UM AUTÓGRAFO ABENÇOADO
Sabendo-me vencido, mas
não convencido pela absoluta impossibilidade de escutar, ao vivo, as palavras
do sábio, foi, em vez de mim, já uma dúzia de anos transcorreu, e
contemplou-me, dia seguinte, com o presente da conferência integral, escrita,
para eu poder (re)ler e sublinhar. Cortesia máxima do autor que lhe juntou que
palavras sopradas, sorrio, num autógrafo, por todos os motivos, abençoado.
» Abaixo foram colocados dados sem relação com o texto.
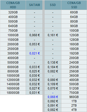 Najlepšie ceny za 1GB diskovej kapacity sú nasledovné: SATAIII 3TB a SSD 960GB.

Sexta-feira, o sábio, José Tolentino de Mendonça, estará, ao vivo, em Mateus,
para a entrega do Prémio Dom Diniz - e já não há lugares disponíveis. Hoje, no
espaço semanal de cidadania, na universidadefm, referi-me ao mais recente “Metamorfose
Necessária. Reler São Paulo”.
No seu “Elementos
bíblicos para uma erótica cristã”, principiando por uma incisiva epígrafe de
Lucien Jerphagnon – “a doutrina do amor é de uma imensa profundidade no
cristianismo, e nada tem de vulgata anti-erótica à qual com tanta frequência
aparece reduzido” -, José Tolentino de Mendonça centra a sua análise no “Cântico
dos Cânticos” – “o poema irrompe igualmente com o seu quê de inesperado dentro
do quadro bíblico (…) Coloca-se entre parêntesis a sobriedade da antropologia
bíblica, e exalta-se demoradamente a beleza, o aspecto, os detalhes das figuras
feminina e masculina. As palavras como que se tornam de seda. Há aqui um
extraordinário trabalho de construção verbal que nos obriga a concluir que o
autor anónimo seria um grande poeta (ou uma grande poeta, como hoje se tem por
provável” – e, nele, livro do séc. V ou IV a.C., destaca a singularidade que a
mulher aí alcança/com que a mulher é aí considerada (confrontando-a, ademais,
com um contexto cultural marcado pela subalternidade desta): “nenhum outro
texto bíblico dá a palavra à mulher numa tal proporção. Há uma acumulação de
verbos na primeira pessoa, com a bem-amada por sujeito. Ela busca e é buscada.
Pede e é pedida. A sua palavra inaugura o canto. A mulher olha para o homem e
avizinha-se a ele com a mesma impaciência e a mesma alegria de ele a ela. Este
co-protagonismo que o Cântico atribui aos que se amam, lança o amor como
território de uma reciprocidade e paridade fundamentais”.